The Fund recently established three new positions. Could you explain the reasoning behind the purchases?
1. Ashtead is the owner of Sunbelt Rentals, the second largest equipment rental business in the U.S., offering a range of forklifts, backhoes, aerial work platforms, scaffolding, etc. to their construction and industrial customers.
Renting equipment is often cheaper and easier than outright ownership – customers eliminate a large capital expense and convert a fixed cost into a variable cost. As a result, the rental portion of the market has been growing and today accounts for about 55% of the overall U.S. market, a share we expect to see increase further over time. The U.S. equipment rental industry remains quite fragmented with the top five competitors accounting for less than 30% of the market and thousands of small operators at the bottom. Larger players, however, enjoy important benefits from economies of scale, and so can promise better availability, quality, and timeliness of delivery, factors that are important to customers. In addition the larger the rental company is overall, the better it can service regional and national customers and the more buying power it has over equipment manufacturers.
Leveraging these advantages, Sunbelt has grown, through organic growth supplemented by small acquisitions, from just 2% market share in 2002 to 8% share today. Sunbelt’s goal is to achieve 12% U.S. market share in the medium-term, and 20% share long-term, objectives we consider quite achievable. If Sunbelt is successful in achieving its goals, the company could compound earnings per share at a mid-teens or higher rate per annum over the next decade.
2. Camping World Holdings is the largest RV retailer in the U.S., operating more than 200 stores. We estimate Camping World has roughly 13% market share by revenue while the number two player has just under 2% share. As in the case of Sunbelt, scale gives Camping World important advantages, such as substantial volume discounts from suppliers and lower-cost financing. As a result, Camping World is able to offer its customers low prices and garner what we believe to be the highest margins in the industry.
Due to its position in the industry, Camping World is often the only buyer for Mom and Pop RV dealers looking for an exit. Camping World is able to buy these businesses cheap and make them more profitable. We believe between opening and acquiring new stores, Camping World will be able to double its store count in the next five years and continue to increase market share well after that.
Today, Camping World is trading close to all-time low valuation levels – 6.0x our estimate of 2019 EBITDA – as a result of cyclical concerns and investor anxiety regarding a large recent acquisition. However, we believe that these fears are overblown, and the current price represents an attractive entry point into a high-quality business with the potential to compound value at an attractive rate for a long time to come.
3. Metro Bank, a new entrant in the U.K. banking market, was founded by Vernon Hill, one of the most successful U.S. bankers of the last 40 years. Hill’s success in the U.S. was based on a business model that emphasized fanatical customer service and robust, low-cost deposit growth. Metro Bank is essentially this same model, exported to the U.K.
The U.K. has one of the most concentrated and ossified banking industries in the western world and this concentration has stifled competition and fostered abusive business practices.

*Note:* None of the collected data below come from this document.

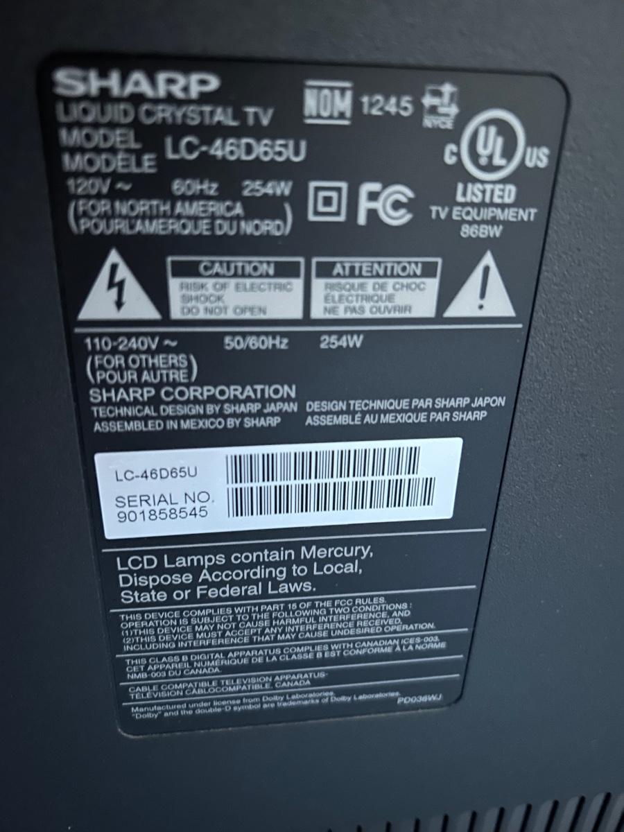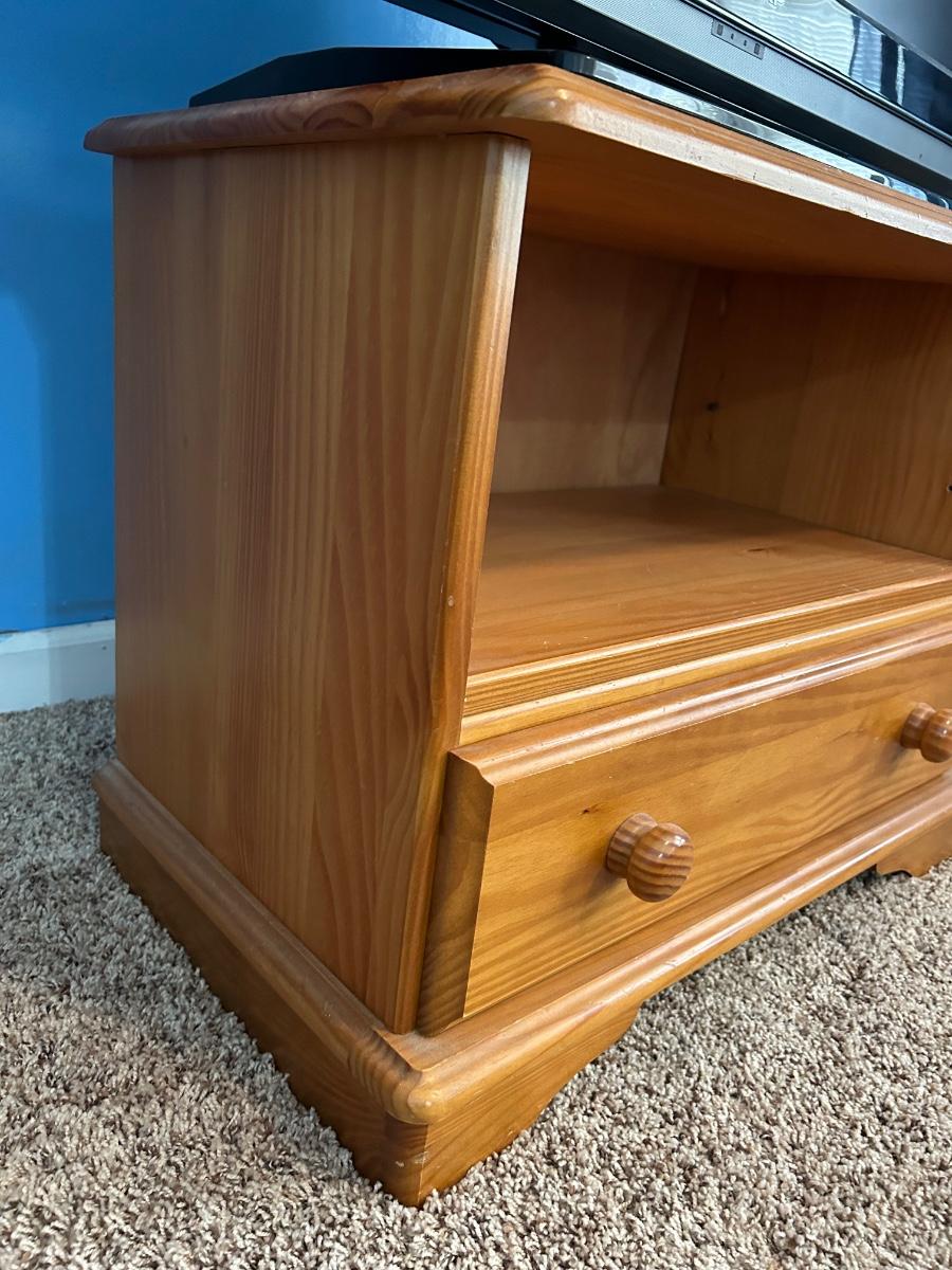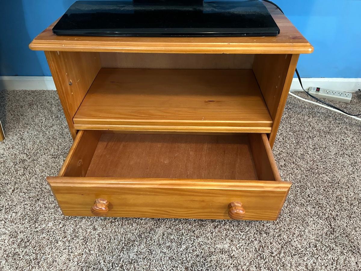 Tv stand is 27”x 21”x 15” in size and has drawer. Tv is made by Sharp. Photos include model number.
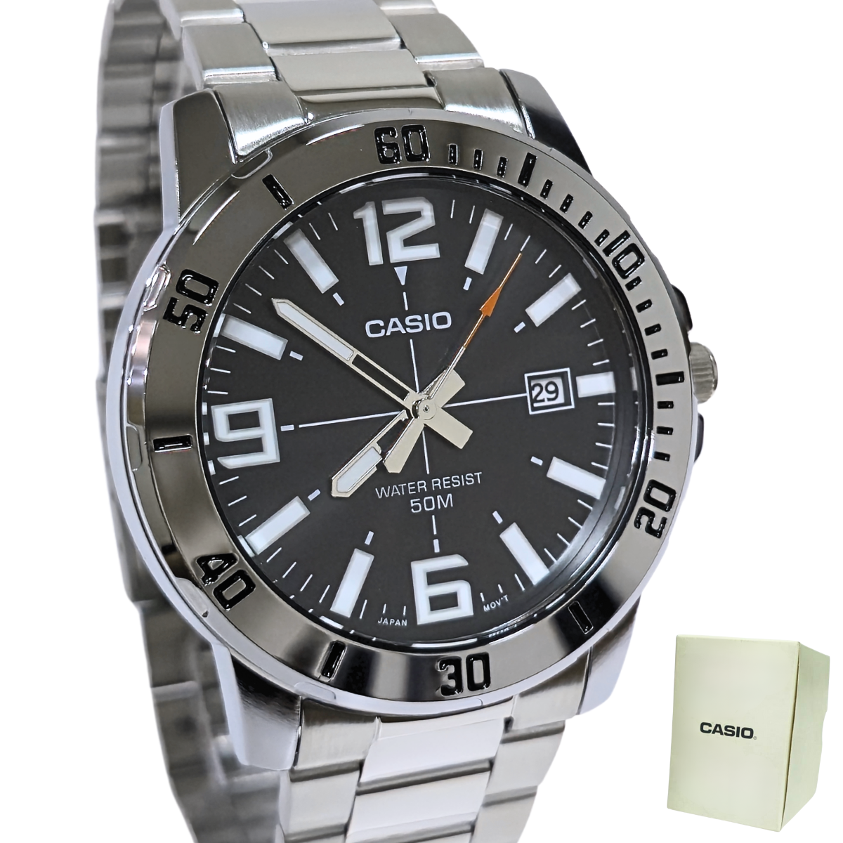 MTP-VD01D-1BVUDF é um modelo clássico, com caixa em aço e pulseira em aço inoxidável, calendário, resistência à água de até 50 metros, ideal para o seu dia a dia.
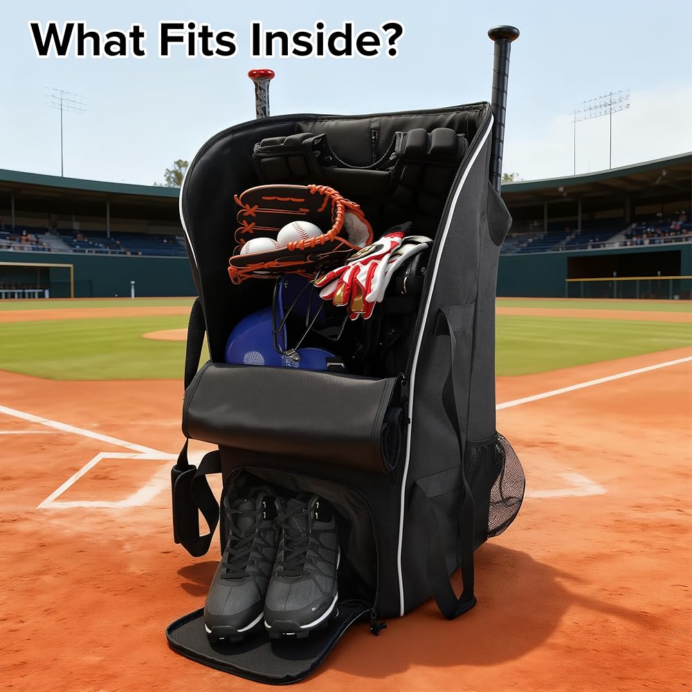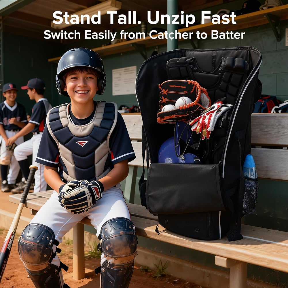 MADE FOR CATCHER GEAR: Spacious compartment layout helps organize bulky baseball or softball equipment, including helmet, glove, cleats, bats, balls, and other field essentials

Most U.K. banks are open only 35 hours a week, take seven days to open an account, and are difficult to contact on the phone. Metro Bank, by contrast, is offering U.K. customers first-rate facilities in prime locations, branches that are open 76 hours a week, including Saturdays and Sundays, account opening in less than an hour and call centers in London answered by a live person.
Unsurprisingly, the reception from the British public and business community has been spectacular, with deposit growth averaging £75 million ($96 million) per branch per year, despite virtually no advertising and paying below market interest rates. Additionally, by attracting deposits at a below market rate, Metro can take a conservative approach to lending. As a result, credit losses have been minimal so far, and we expect them to stay low relative to other banks over time. We expect that over the next five years, Metro will be able to increase its deposit share from 0.5% to about 2%, and achieve higher profitability as branches mature and overhead expenses are leveraged. We anticipate robust earnings growth over the period.
A hallmark of the Fund is low turnover. Why do you favor long holding times?
We focus on companies that we believe have exceptional management, a competitive advantage, and a large growth opportunity. We purchase positions with the expectation to hold them for five to 10 years, or more, which allows the long-term business results to drive the majority of returns. Our intensive, fundamental research provides the confidence to own companies that we believe can weather various economic cycles and produce above average business and investment results over time.